Une nuit, Lucie crie et, grâce à la radio qu’ils écoutent constamment, Eva et Serge apprennent qu’elle n’est pas isolée : la même nuit, les enfants résidant sur le même méridien ont eu un comportement similaire. À tel point qu’en 24 heures, alors que le méridien bougeait, ce cri est sorti de la bouche de tous les enfants du monde. D’autres rêves cauchemardesques suivront, tout aussi globaux et sans que leurs auteurs puissent les raconter. A chaque fois ils annoncent une catastrophe témoignant du bouleversement du monde, de notre rupture avec la nature et les animaux. Chacun des dix rêves collectifs est, dans le roman, attribué à un enfant vivant dans un pays situé sur le fameux méridien – une petite fille vit à Waterloo.

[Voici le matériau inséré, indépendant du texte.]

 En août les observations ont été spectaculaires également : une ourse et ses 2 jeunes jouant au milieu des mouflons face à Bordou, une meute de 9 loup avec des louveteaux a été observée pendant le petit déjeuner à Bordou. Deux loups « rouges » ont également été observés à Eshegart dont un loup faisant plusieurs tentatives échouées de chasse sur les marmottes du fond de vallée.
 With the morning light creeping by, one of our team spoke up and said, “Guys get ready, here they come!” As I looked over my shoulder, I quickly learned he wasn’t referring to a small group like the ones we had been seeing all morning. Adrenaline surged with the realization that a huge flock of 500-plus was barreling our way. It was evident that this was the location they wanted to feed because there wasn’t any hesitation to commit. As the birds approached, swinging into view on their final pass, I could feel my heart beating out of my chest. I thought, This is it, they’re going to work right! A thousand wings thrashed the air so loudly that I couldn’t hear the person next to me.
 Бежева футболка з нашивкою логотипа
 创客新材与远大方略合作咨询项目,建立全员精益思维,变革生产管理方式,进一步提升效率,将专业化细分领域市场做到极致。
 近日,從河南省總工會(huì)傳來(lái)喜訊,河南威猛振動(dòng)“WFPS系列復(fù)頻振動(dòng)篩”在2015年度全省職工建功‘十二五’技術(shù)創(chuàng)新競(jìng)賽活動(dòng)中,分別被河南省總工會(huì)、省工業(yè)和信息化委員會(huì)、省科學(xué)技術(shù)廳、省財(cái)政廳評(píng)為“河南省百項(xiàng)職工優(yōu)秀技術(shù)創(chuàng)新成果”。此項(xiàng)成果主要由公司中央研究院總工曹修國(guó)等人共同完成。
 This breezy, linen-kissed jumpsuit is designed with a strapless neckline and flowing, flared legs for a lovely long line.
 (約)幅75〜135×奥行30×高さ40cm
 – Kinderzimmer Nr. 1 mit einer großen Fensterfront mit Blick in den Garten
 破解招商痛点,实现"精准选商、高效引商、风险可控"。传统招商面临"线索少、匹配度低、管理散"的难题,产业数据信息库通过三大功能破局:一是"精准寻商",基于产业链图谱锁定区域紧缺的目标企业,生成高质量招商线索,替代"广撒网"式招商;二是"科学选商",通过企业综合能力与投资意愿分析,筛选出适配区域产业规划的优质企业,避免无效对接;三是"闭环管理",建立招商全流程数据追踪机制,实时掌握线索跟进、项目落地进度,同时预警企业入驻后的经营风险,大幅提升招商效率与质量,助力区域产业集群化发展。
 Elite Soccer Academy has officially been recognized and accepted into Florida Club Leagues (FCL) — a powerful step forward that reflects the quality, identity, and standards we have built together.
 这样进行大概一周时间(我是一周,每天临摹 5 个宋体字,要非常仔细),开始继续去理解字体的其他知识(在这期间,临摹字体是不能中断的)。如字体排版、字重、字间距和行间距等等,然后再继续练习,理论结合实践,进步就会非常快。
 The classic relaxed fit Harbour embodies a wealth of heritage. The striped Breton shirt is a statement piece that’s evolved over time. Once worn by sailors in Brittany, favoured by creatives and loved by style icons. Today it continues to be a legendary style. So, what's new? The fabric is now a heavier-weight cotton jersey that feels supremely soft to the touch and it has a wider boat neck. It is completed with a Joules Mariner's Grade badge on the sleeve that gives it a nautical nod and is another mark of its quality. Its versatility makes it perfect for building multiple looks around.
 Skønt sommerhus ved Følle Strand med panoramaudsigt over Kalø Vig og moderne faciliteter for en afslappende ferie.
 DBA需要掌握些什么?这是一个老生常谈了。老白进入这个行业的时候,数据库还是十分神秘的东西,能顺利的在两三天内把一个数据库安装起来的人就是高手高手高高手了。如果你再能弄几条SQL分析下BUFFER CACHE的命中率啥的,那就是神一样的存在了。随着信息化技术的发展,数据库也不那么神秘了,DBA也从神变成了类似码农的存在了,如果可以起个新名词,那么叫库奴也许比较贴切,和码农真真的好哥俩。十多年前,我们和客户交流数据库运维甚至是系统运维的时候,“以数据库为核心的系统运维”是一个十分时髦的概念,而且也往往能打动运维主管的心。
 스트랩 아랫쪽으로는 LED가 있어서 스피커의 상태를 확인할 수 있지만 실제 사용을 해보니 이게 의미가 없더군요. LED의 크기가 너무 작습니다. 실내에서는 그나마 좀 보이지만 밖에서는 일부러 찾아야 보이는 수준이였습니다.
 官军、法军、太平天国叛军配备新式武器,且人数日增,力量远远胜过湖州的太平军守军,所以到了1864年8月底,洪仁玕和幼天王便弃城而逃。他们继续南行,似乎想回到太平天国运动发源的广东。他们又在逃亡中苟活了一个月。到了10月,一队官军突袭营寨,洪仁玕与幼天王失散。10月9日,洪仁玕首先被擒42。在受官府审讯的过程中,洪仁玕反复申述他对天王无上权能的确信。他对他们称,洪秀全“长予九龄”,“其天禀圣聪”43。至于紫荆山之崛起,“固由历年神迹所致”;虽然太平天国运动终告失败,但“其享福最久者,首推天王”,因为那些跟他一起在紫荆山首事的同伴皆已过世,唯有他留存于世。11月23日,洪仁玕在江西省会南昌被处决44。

“Lors du premier confinement, se souvient Carole Martinez, nous éprouvions un sentiment de fin du monde. En Normandie, avec mon mari et ma fille, nous nous sommes retrouvés isolés, tout en étant connectés au monde extérieur grâce à la radio et à la télévision. Comme je ne dormais qu’une heure et vingt minutes par nuit, j’ai découvert le sommeil. J’ai réalisé que j’évitais le sommeil paradoxal, et donc les rêves, et j’ai découvert que, dans certaines civilisations, il existe un autre monde qui communique avec le nôtre à travers eux. De là est née l’idée d’une épidémie du sommeil qui ne toucherait que les enfants, de quelque chose qui traverserait leurs rêves pour tenter de modifier le monde.“
Les rêves qui électrisent la planète sont tous différents. On amène les enfants à s’immerger dans l’eau. Cependant, comme il est souligné, «Dans la plupart des religions, les pratiques d’immersion, d’aspersion et d’ablution tiennent une place cruciale. Il régénère le corps et l’esprit« . A la suite d’une autre, Eva est surprise par l’odeur pestilentielle émanant de sa fille, au point qu’elle ne parvient plus à contrôler ses nerfs. D’autres matins, les moustiques pullulent, les enfants refusent de boire de l’eau. du lait ou sont atteints d’une maladie inconnue, etc. Dans son cinquième roman, Carole Martinez aborde ainsi la question de la mise en danger de notre humanité sous un angle nouveau et surprenant, quitte à parfois se disperser.
Carole Martinez, « Dors ton sommeil brut », Gallimard, 395 p.